■ **What is expected**:
For this exercise, output exactly the lines from the opening line of the listing through the line with "в Видном купить", skipping pictures.
:: Input data ::
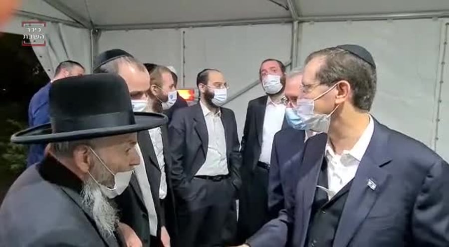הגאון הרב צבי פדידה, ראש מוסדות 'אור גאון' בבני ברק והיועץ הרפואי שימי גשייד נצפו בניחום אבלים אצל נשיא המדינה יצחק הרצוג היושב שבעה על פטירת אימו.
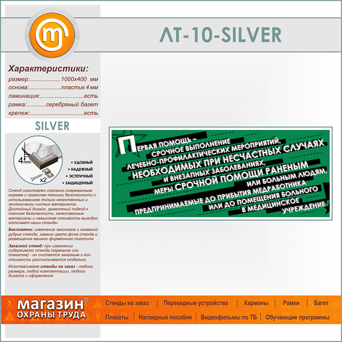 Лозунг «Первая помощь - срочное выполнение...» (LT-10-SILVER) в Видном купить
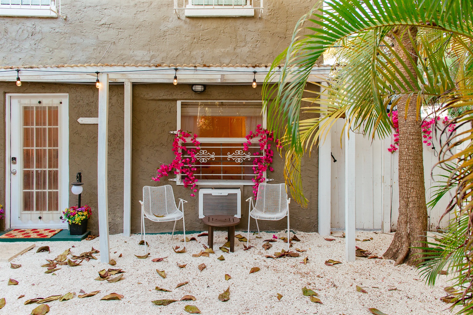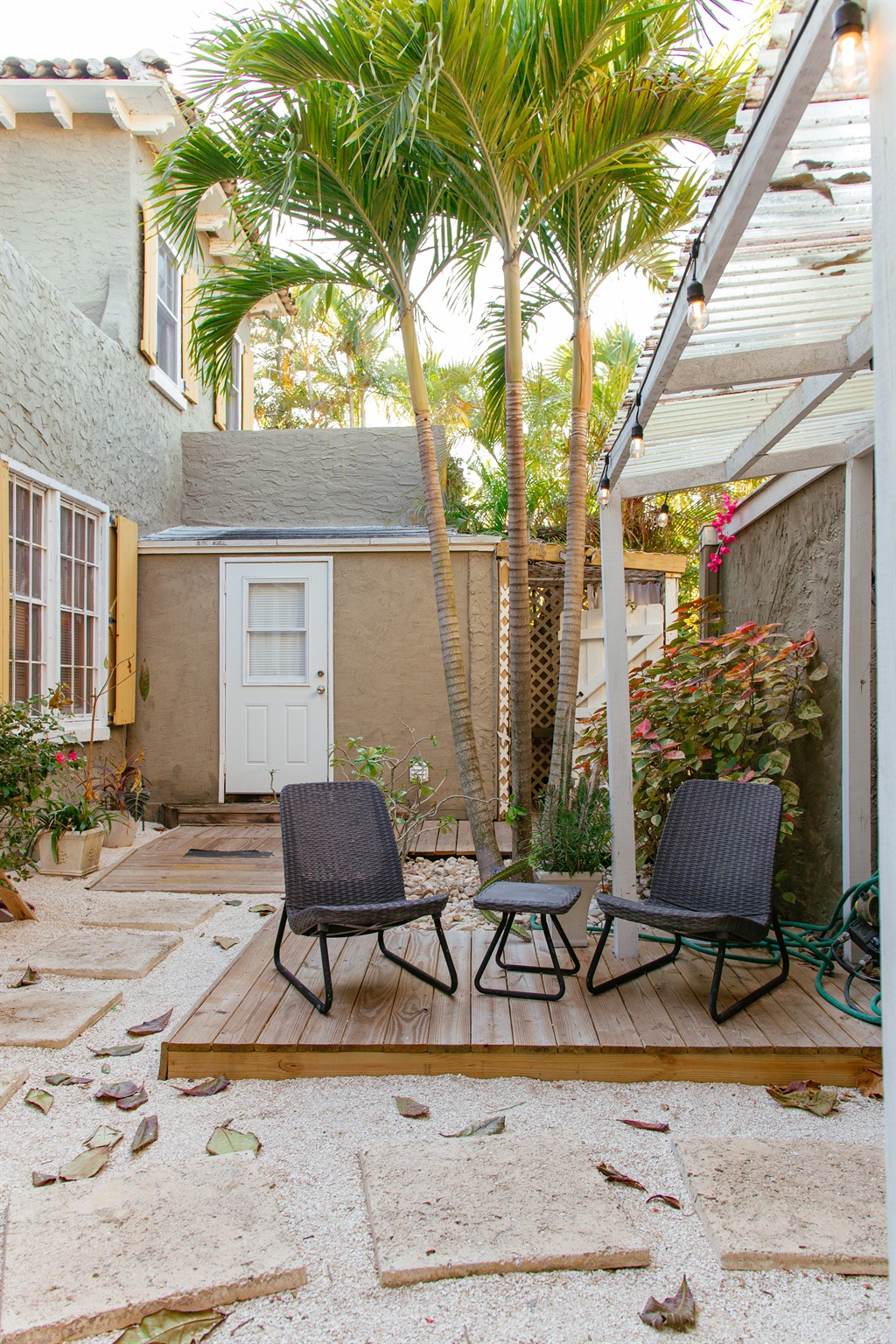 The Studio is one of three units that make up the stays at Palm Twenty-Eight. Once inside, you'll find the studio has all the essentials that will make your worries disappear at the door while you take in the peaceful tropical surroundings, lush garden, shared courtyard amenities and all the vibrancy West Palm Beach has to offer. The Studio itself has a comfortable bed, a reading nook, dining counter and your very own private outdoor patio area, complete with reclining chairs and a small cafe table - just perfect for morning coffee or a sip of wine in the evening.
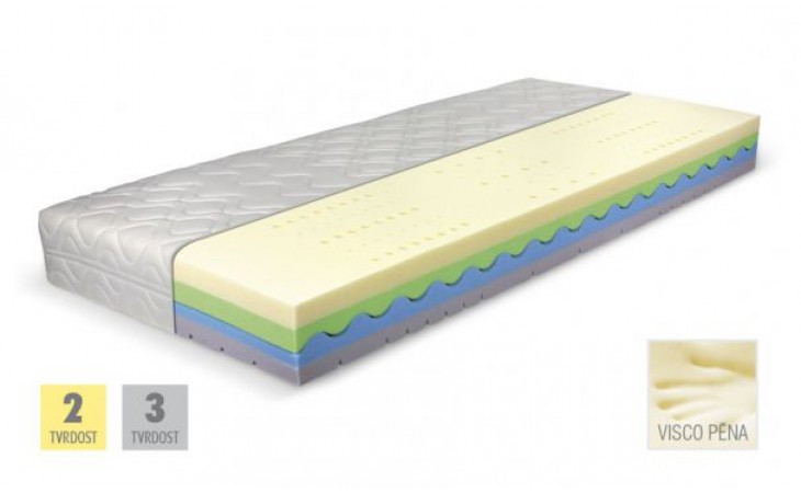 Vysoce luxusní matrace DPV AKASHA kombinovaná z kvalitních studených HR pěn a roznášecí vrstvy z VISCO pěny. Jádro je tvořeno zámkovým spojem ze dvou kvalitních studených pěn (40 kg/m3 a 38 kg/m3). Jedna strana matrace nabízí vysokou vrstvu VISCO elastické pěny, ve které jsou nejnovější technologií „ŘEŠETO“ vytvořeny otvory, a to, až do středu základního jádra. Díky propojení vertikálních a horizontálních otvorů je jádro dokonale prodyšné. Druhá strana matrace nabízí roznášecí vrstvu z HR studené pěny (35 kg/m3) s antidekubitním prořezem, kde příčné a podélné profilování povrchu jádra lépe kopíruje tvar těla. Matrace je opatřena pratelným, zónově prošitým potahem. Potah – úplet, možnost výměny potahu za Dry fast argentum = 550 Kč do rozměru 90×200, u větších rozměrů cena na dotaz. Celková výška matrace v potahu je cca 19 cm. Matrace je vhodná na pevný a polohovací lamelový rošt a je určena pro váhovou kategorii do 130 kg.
:::
■ **Reply**:
הגאון הרב צבי פדידה, ראש מוסדות 'אור גאון' בבני ברק והיועץ הרפואי שימי גשייד נצפו בניחום אבלים אצל נשיא המדינה יצחק הרצוג היושב שבעה על פטירת אימו.
 Лозунг «Первая помощь - срочное выполнение...» (LT-10-SILVER) в Видном купить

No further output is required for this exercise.